The lilac bushes begin to grow dull.
The grass grows slower.
At night our dreams fill with teachers and teaching and when we wake, they slowly dissolve, like salt tossed into the sea.
Smile more, she says.
Learn the truth of "you do not have to choose between prayer and anything else."
She points me to the New Testament, especially Paul's letter to the Hebrews.
In her letter she writes, "'Jesus Christ is the same yesterday and today and forever.'"
"Seen rightly, the truth of that is your liberation."
I watch the sun rise and remind myself that right seeing is inevitable.
I woke thinking of the dead baby robin, buried in a rushed grave as the rain began.
How sad life can be!
I was so grieved I forgot the shovel out in the rain, an unpardonable error in the circles in which I grew up.
And this: "Keep your lives free from the love of money and be content with what you have, because God has said, 'Never will I leave you, never will I forsake you.'"

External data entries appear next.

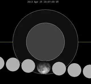 | 2013 أبريل 25 | 20:07 | جزئي | تنازلي | 112 | -1.012 | 1.012 | 0.021 | 32 | 14.21 | -14.4 | 19:51 | 20:23 | |||||
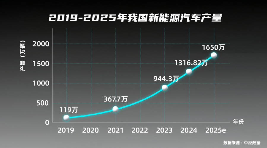 在政策与市场的双轮驱动下,中国新能源汽车市场实现蓬勃发展与技术飞跃,市场规模持续扩张,预估2025年新能源汽车产量将达到1650万辆。
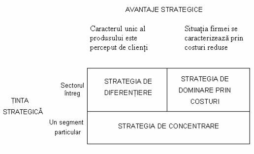 Definiti strategiile de baza in fata concurentei ale lui M. Porter si prezentati caracteristicile lor principale. Dati exemple de firme din Romania care se disting prin costuri sau diferentiere. Ce credeti, au avut aceste firme o strategie explicita? Cum explicati succesul multor firme din Romania, dupa anii '90, in absenta unei strategii? Se va mai putea face performanta fara strategie?
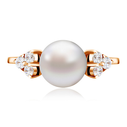 Кольцо из золота с жемчугом и фианитами
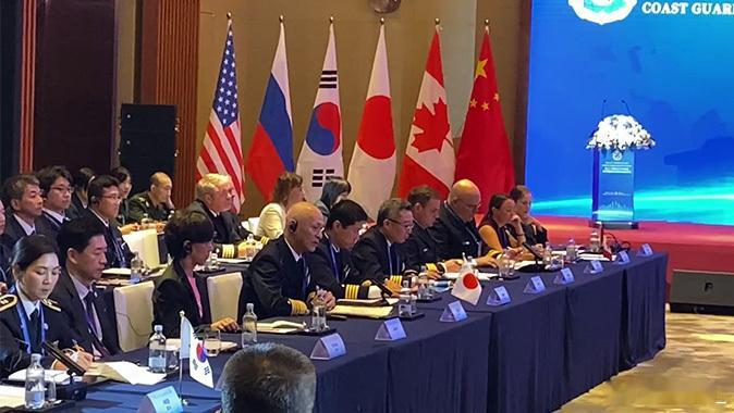 北太平洋海岸警备执法机构论坛上海年会,日本海保视角。图三为海保代表发言。
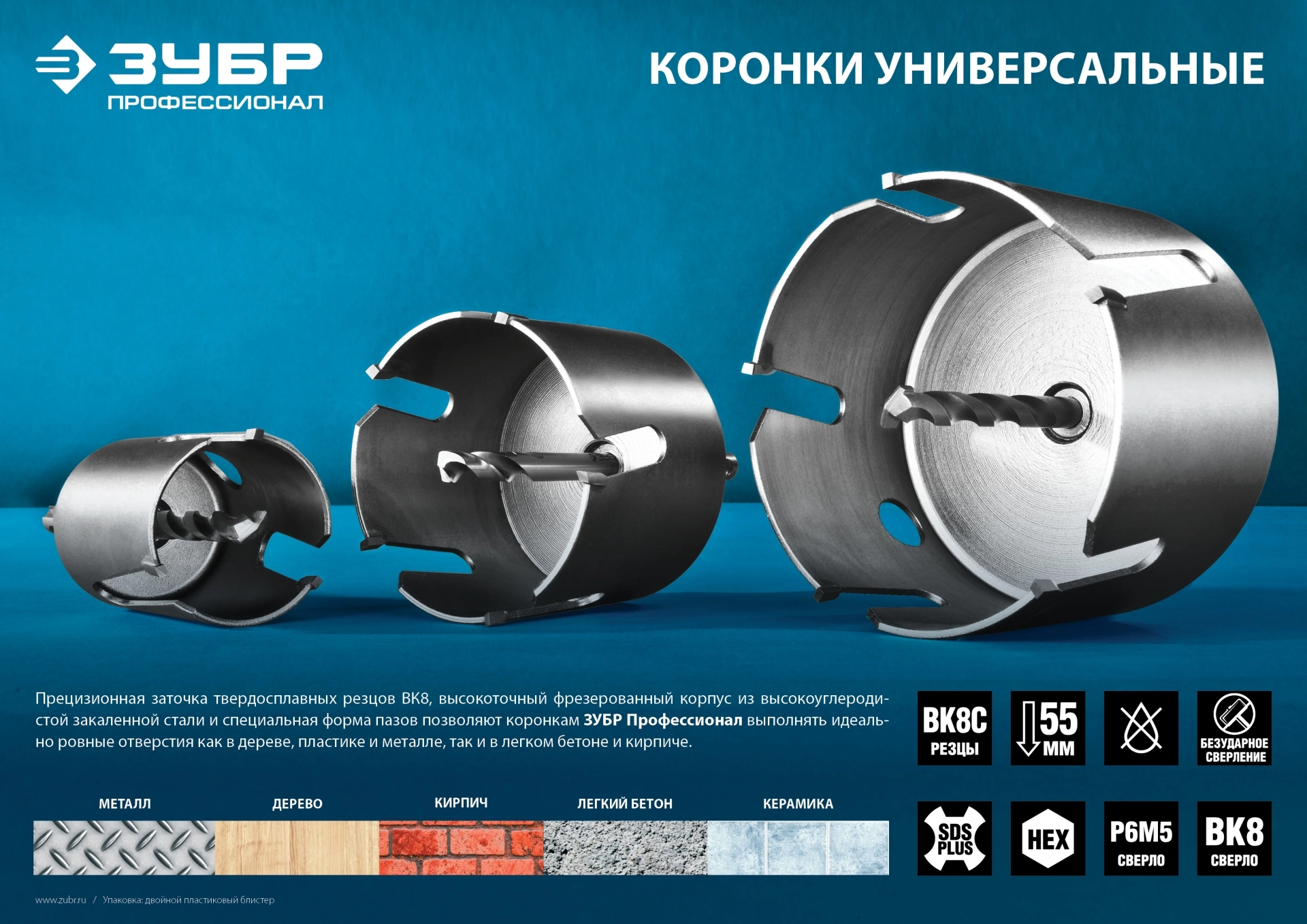 ПроизводителиКоронка универсальная 80мм, "ПРОФИ" "ПРОУНИВЕРСАЛ" (29514-80) ЗУБР
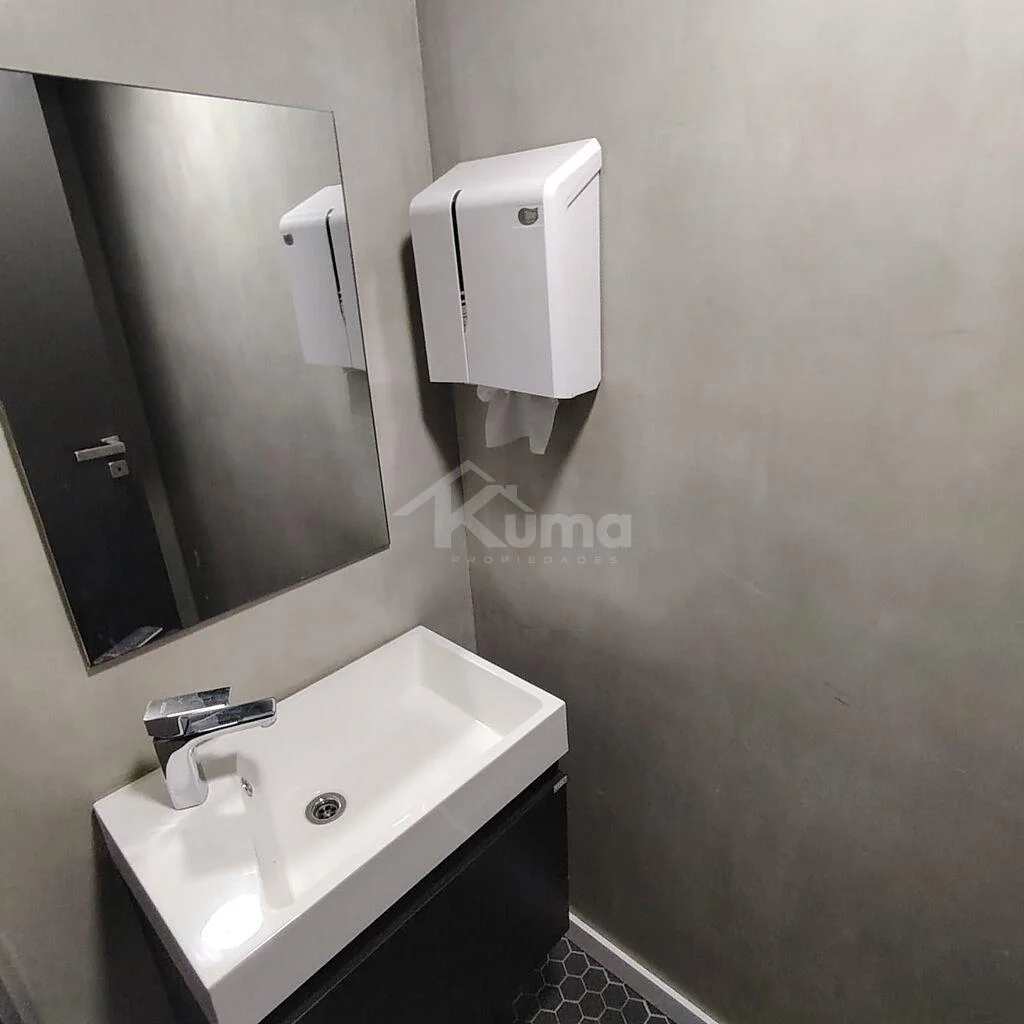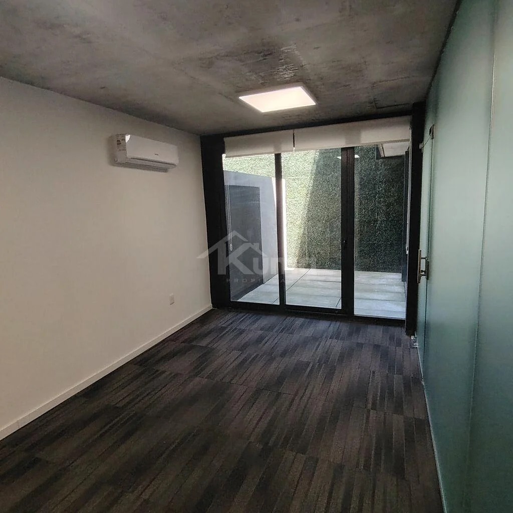 Tiene 60m2 totales con 3 ambientes de trabajo de los cuales 2 son privados vidriados + cocina + baño + patio.

The dog curls up on the bed while I write.
Our walk is coming later than usual.
I cannot shake the dream of another teacher reminding me of the loveliness of Montpelier, Vermont.
I wanted to ask her about her own writing, which has so moved me these past five years.
She was unhappy with how she left it but also amused.
The details - as always - were not for me to know.
And I struggled to say even this much.